American Civil Religion has Temples, the Greek Temples of Zeus-Abraham-Lincoln and Apollo-Thomas-Jefferson in the Capital, the Egyptian Obelisk Washington Monument. America has a totem animal – Benjamin Franklin suggested the generous turkey, but the idea was shot down in favor of the predatory Eagle, which was promptly hunted to near-extinction.

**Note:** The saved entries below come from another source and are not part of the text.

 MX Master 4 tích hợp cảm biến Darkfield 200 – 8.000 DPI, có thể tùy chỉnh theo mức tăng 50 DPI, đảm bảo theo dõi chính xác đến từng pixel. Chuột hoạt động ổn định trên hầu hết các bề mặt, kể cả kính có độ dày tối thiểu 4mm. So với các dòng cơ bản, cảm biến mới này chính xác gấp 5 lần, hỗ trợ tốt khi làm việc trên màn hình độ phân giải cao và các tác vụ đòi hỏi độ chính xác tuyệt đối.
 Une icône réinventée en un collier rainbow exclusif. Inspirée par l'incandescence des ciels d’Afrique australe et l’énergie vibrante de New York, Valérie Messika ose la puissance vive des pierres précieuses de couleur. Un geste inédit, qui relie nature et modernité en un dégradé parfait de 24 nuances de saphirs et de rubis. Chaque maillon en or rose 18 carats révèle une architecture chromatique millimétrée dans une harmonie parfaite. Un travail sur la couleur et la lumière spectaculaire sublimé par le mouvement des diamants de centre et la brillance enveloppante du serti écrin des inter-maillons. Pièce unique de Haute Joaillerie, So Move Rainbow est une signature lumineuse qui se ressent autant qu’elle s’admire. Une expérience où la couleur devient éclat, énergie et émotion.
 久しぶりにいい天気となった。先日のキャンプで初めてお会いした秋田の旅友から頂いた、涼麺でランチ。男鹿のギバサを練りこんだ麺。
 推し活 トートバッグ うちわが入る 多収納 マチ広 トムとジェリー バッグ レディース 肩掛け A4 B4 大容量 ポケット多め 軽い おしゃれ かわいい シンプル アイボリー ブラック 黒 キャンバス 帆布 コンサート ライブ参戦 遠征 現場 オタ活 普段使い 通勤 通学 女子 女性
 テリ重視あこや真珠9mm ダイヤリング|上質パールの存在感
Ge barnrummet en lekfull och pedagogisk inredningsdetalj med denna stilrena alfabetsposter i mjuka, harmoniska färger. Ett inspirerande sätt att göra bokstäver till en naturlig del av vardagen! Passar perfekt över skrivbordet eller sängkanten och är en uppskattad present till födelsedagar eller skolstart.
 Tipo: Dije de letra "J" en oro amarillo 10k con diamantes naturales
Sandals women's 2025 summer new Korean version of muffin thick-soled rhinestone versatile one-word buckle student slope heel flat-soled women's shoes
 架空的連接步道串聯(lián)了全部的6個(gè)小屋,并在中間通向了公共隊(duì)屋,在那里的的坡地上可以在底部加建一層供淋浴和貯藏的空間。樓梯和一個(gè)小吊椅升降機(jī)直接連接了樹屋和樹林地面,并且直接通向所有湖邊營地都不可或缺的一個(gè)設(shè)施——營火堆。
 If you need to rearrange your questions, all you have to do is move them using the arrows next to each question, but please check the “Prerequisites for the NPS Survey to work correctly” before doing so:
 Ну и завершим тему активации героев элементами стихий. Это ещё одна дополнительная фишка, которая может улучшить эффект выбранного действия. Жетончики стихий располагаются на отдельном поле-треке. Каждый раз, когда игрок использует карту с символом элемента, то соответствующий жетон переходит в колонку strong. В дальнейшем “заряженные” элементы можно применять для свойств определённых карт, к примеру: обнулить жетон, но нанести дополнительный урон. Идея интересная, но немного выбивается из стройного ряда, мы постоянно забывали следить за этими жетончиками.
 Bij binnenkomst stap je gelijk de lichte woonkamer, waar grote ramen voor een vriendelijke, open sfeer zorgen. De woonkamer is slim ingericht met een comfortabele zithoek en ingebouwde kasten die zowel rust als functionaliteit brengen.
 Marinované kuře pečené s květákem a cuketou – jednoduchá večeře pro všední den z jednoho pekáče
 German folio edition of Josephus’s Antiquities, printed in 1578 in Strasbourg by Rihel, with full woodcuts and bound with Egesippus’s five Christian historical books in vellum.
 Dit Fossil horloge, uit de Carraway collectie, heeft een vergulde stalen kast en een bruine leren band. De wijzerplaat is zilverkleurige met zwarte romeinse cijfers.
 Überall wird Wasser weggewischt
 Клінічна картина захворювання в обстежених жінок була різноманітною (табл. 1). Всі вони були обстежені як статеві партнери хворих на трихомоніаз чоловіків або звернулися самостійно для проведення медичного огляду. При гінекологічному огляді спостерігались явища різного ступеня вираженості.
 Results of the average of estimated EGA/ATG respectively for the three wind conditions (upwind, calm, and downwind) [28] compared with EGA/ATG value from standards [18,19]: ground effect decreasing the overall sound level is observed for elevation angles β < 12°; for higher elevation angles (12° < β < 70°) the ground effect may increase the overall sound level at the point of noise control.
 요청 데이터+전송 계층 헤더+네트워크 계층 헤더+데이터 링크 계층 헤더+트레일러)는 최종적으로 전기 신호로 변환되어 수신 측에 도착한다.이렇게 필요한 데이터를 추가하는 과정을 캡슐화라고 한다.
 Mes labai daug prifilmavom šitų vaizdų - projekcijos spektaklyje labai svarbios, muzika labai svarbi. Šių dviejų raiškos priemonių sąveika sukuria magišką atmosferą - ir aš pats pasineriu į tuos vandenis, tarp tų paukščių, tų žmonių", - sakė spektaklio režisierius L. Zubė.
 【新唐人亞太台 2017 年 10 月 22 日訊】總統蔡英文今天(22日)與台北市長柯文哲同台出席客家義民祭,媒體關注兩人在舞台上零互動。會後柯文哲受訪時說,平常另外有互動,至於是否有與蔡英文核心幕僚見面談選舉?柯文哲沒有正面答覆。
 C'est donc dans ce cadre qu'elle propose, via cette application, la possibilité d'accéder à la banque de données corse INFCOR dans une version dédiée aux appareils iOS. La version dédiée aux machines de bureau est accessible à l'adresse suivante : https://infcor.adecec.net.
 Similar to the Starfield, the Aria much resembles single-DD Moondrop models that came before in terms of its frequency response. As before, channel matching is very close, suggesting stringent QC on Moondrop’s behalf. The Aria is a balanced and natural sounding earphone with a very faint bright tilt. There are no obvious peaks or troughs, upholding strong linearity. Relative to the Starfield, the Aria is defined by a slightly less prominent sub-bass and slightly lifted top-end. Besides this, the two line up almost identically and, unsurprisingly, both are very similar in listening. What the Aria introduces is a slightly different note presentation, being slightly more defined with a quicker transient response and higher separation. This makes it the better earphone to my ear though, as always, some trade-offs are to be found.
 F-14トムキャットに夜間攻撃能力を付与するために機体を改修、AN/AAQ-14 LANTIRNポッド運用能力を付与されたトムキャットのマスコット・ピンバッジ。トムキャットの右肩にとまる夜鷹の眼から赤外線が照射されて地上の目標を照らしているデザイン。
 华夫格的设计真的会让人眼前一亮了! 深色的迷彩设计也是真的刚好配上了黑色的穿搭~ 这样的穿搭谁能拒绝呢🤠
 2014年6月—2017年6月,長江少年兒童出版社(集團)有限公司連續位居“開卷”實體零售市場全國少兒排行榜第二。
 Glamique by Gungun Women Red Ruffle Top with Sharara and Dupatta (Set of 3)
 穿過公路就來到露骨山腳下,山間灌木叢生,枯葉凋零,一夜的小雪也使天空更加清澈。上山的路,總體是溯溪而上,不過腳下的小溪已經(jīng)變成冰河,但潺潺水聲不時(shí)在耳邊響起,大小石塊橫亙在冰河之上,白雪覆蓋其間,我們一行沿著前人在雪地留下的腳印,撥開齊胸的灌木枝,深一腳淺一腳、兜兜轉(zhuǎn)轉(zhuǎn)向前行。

The great Robert Bellah did a much better job of explaining this than I just did – he had years of research, I just said a bunch of stuff that popped into my head. But his point, that Americanism is a religion on its own, distinct from Chrsitianity, with its own myths, totems and rituals, remains a fascinating avenue of thought (and yes, I admit I’ve done some drunk driving on that intellectual avenue). But if Americanism is a relgion apart from Christianity…then who is the god of American Civil Religion?

IN WHAT GOD?

Should there be prayer in public schools? A contentious issue in America today. And yet when I hear about it, I can’t help thinking, “but there’s already prayer in schools – the pledge of allegiance, which requires American children to worship a totem.” My children break three of the Ten Commandments every morning while saying the pledge to the flag – worshiping other gods, worshiping an idol, and taking the Lord’s name in vain. If they mindlessly recite the pledge without knowing what it means? Then they’re also bearring false witness. And if they knew that I object to children saying the pledge? They’d be dishonoring their father too – half of the Ten Commandments broken before ten in the morning! What a start for the day. I’m surprrised they haven’t murdered someone by noon.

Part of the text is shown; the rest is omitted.